= Arland Ussher =

Percival Arland Ussher (9 September 1899 - 24 December 1980) was an Anglo-Irish academic, essayist and translator.

Ussher was born in Battersea, London, the only child of Emily Jebb (born on the Lyth estate, Ellesmere, Shropshire in 1872) and Beverley Grant Ussher, who was Irish. The Jebbs were a wealthy and influential family of reformers. Ussher's grandmother Eglantyne Louisa Jebb founded the Home Arts and Industries Association, his aunt Eglantyne Jebb founded Save the Children, and another aunt, Dorothy Jebb Buxton, was a humanitarian.

Beverley Ussher worked as a schools inspector for the Board of Education in England.
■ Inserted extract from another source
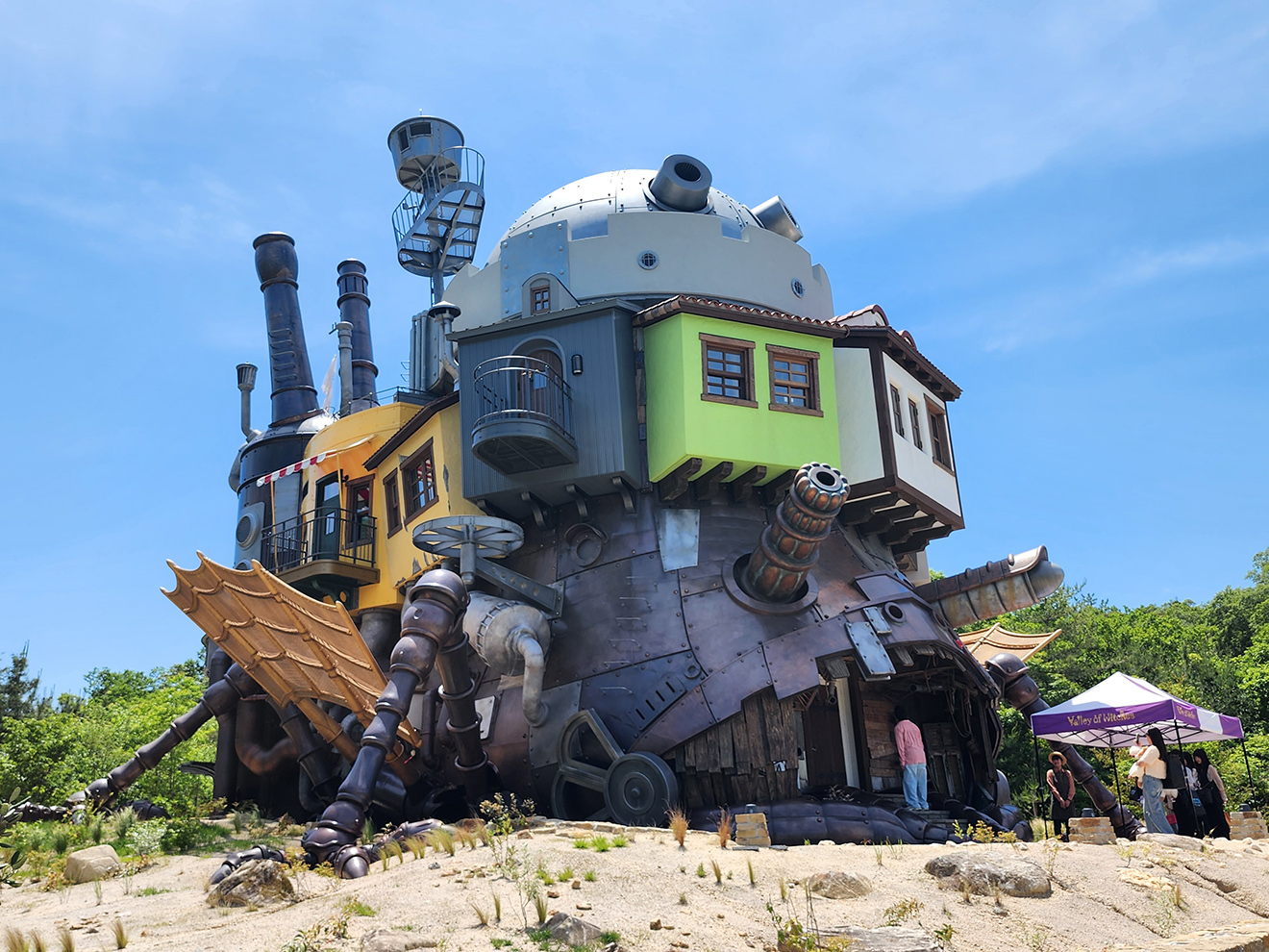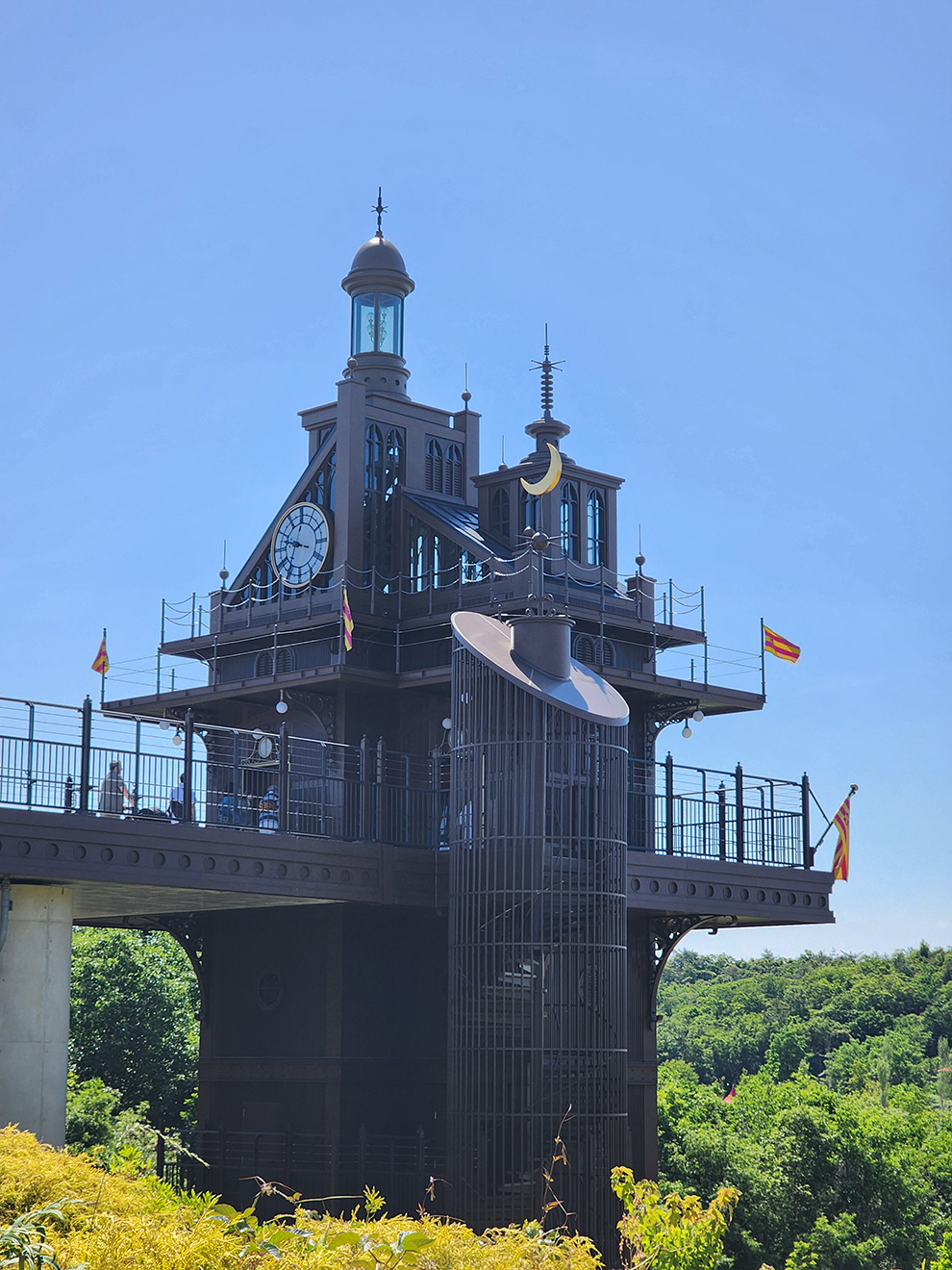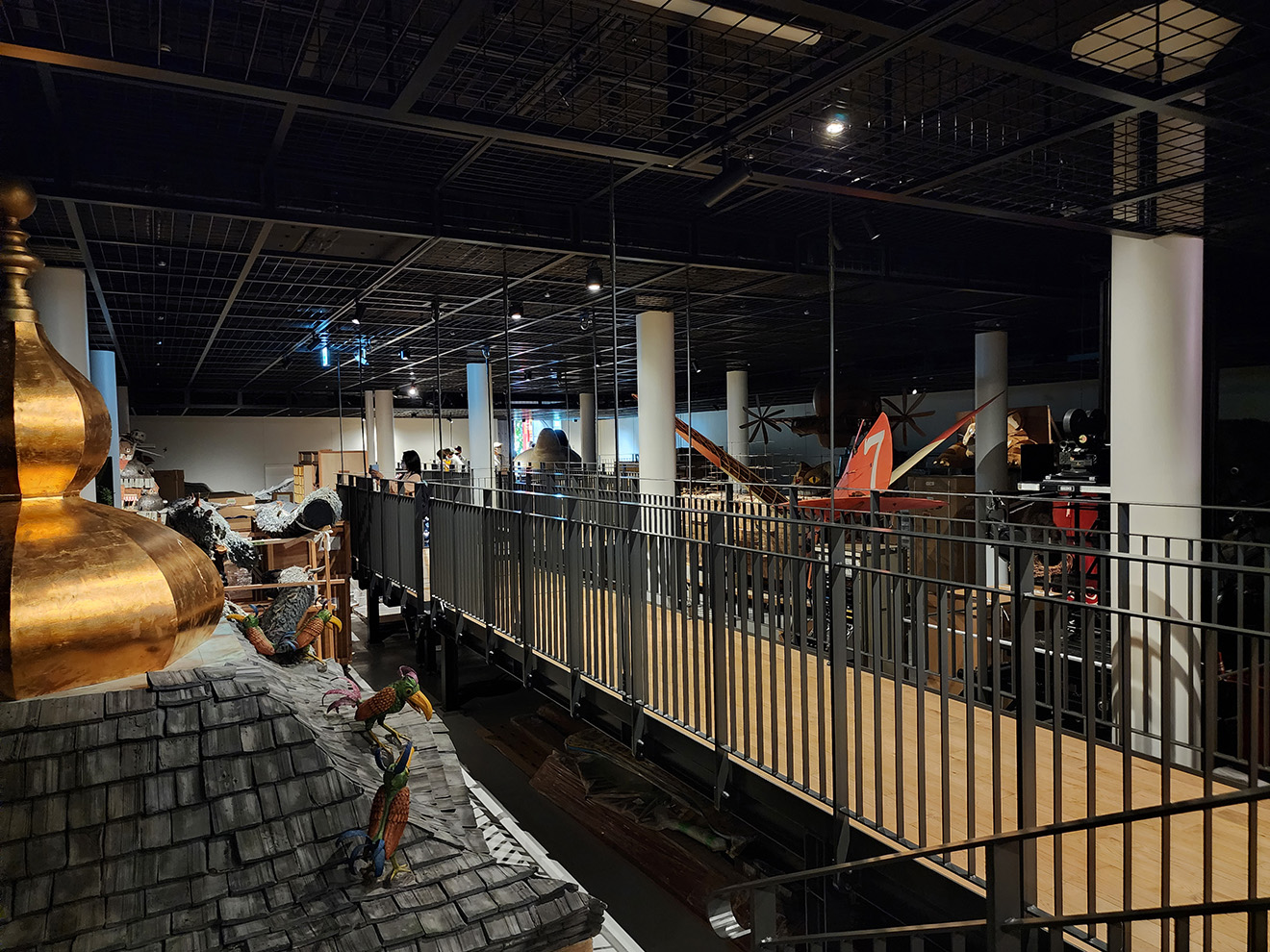 Anyway, I set off early so I could get there around when the park opens. Just after exiting the train station, I ran into this fancy elevator...which I ignored other than the photo since, it's a fairly easy walk down the hill and I didn't want to wait in line. Neat design though. Now, it's important to realize that Ghibli Park isn't anything close to Ghibli Disney World. First off, it's made up of several different locations scattered throughout a much larger public park, which also features things like a skating rink, playground, museum, kids' center, etc. Walking through the park is free, and you can get a look at some of the Ghibli areas that way, but actually entering each area requires a ticket. My warehouse time wasn't until 1 - 2 PM, so I started off going clockwise from the elevator to see what I could find. The first area I encountered was the Hill of Youth. It contains recreations of a couple of buildings and other structures from various Ghibli movies such as The Cat Returns and Whisper of the Heart. The biggest part is a recreation of The World Emporium from Whisper of the Heart, but going inside there requires that premium ticket I mentioned earlier. It was fun to look around a little and pose for a photo or two (one of the main activities throughout the park), but there was no reason to stay at the Hill of Youth for very long. Continuing on through some trees and flower fields, I found a cat bus station. You don't actually need a park ticket to ride the cat bus, but you do need to buy a separate bus ticket either way. It runs between some of the most distant parts of the park, though you can always ignore it and walk. There's also a fairly large cat themed playground if you have kids, but that also costs extra. Right past those, however, was the next area, Mononoke Village (based on Princess Mononoke, obviously enough). That statues are eye catching (one even doubles as a slide for small children), and there's a snack stand. But the main focus is Tatara-ba. In addition to being rather picturesque, if you go inside you can pay an extra fee to learn how to grill gohei-mochi (a type of sticky rice on a skewer, covered in sauce), which you can then eat. Back by the cat bus, you can also buy a cheap ticket to go to the overlook for the Valley of Witches. Note that it's just an overlook. The valley itself is included in the park ticket and is entered elsewhere. But it doesn't cost much, you get your choice between a short hike and tram, and it's a nice view. I took the tram up, hiked down, and then walked over to the Valley of Witches. The Valley is the largest area and the only one you can re-enter after leaving. There's a nice looking restaurant (which had a very long line when I passed), along with some snack stands and the bakery from Kiki's Delivery Service if you want something to eat. If you're not looking to eat or buy some souvenirs, it also has the park's only two rides (if you don't count trams and the cat bus), though they're aimed squarely at kids. But the main draw is all the neat buildings, most of which are recreations of places from various Ghibli movies (mainly ones with magic, hence the Valley of Witches). I was able to enter some of them, but several, including the Okino Residence (Kiki's family's house) and Howl's Castle require the premium ticket. That was a bit disappointing, since Howl's castle especially looks fantastic from the outside and I'd love to go in. In case you're wondering, these premium ticket buildings don't contain rides or anything, they're just highly accurate recreations of buildings from the movies, so you can step into the worlds of your favorite characters. Even without the premium ticket, I did have fun exploring the valley and there was a lot more to see and do than in the previous areas. Next up was the Dondoko Forest, but that one is a bit remote compared to the others, requiring a 600+ meter walk through the forest. It's also pretty small. There's a big Totoro that kids can play inside and there's a recreation of Satsuki and Mei's house from the same movie, but that's about it. Unsurprisingly, the house requires the premium ticket, but there is a free view point in case you don't have one. The forest is also next to a nice little free Japanese garden, so I took a different route back, going through the garden and around a pond or lake before returning to my starting point for my warehouse entry. As previously mentioned, the Grand Warehouse is the only part of the park that requires timed entry, though once you're in you can stay as long as you want. And you'll probably want to stay for a while. Despite being indoors, its larger than most of the other areas and much more densely packed. Upon entering, you're given a ticket you can use to go see one of a handful of exclusive Ghibli short films. It's the same selection as at the Ghibli Museum and they rotate periodically. The current film plays throughout the day and you can go to any show, though only once. The current one (which I fortunately hadn't seen before) was about a lost puppy making its way through town in order to find its way home. Very cute. There's also some exhibits. I'm not sure if they're all permanent or some rotate like at the Ghibli Museum, but when I visited there was one focused on "everything Ghibli" and one on food in Ghibli movies (which once ran for a limited time at the museum). There was also the long promised adult sized cat bus. The warehouse also contains a pretty large children's play area, some shops, a cafe, and an actual warehouse where they store old display stuff. But most of it is dedicated to recreations of scenes from various movies, such as the robot from Castle in the Sky, Arietty's house and garden, and many, many more. In fact, there was at least one major photo spot for just about every Ghibli movie. Many had a bit of a line, but the most popular by far was this one from Spirited Away. Getting that picture with No Face required 30 - 40 mi

The family lived in England until he retired in 1914, and they then moved to Ireland and lived at Cappagh House in Dungarvan, County Waterford. Emily Ussher tried to draw attention to the atrocities being committed by the Black and Tans.

Ussher studied at the University of Cambridge. In 1926 he published a translation of The Midnight Court (Cúirt an Mheán-Oíche) by the Irish-language poet Brian Merriman. Ussher also published The Face and Mind of Ireland (1949) and Three Great Irishmen (1952), a comparative study of Bernard Shaw, W.B. Yeats and James Joyce. He also wrote Journey Through Dread. Ussher moved to County Waterford to manage the family's farm before moving to Dublin in 1953.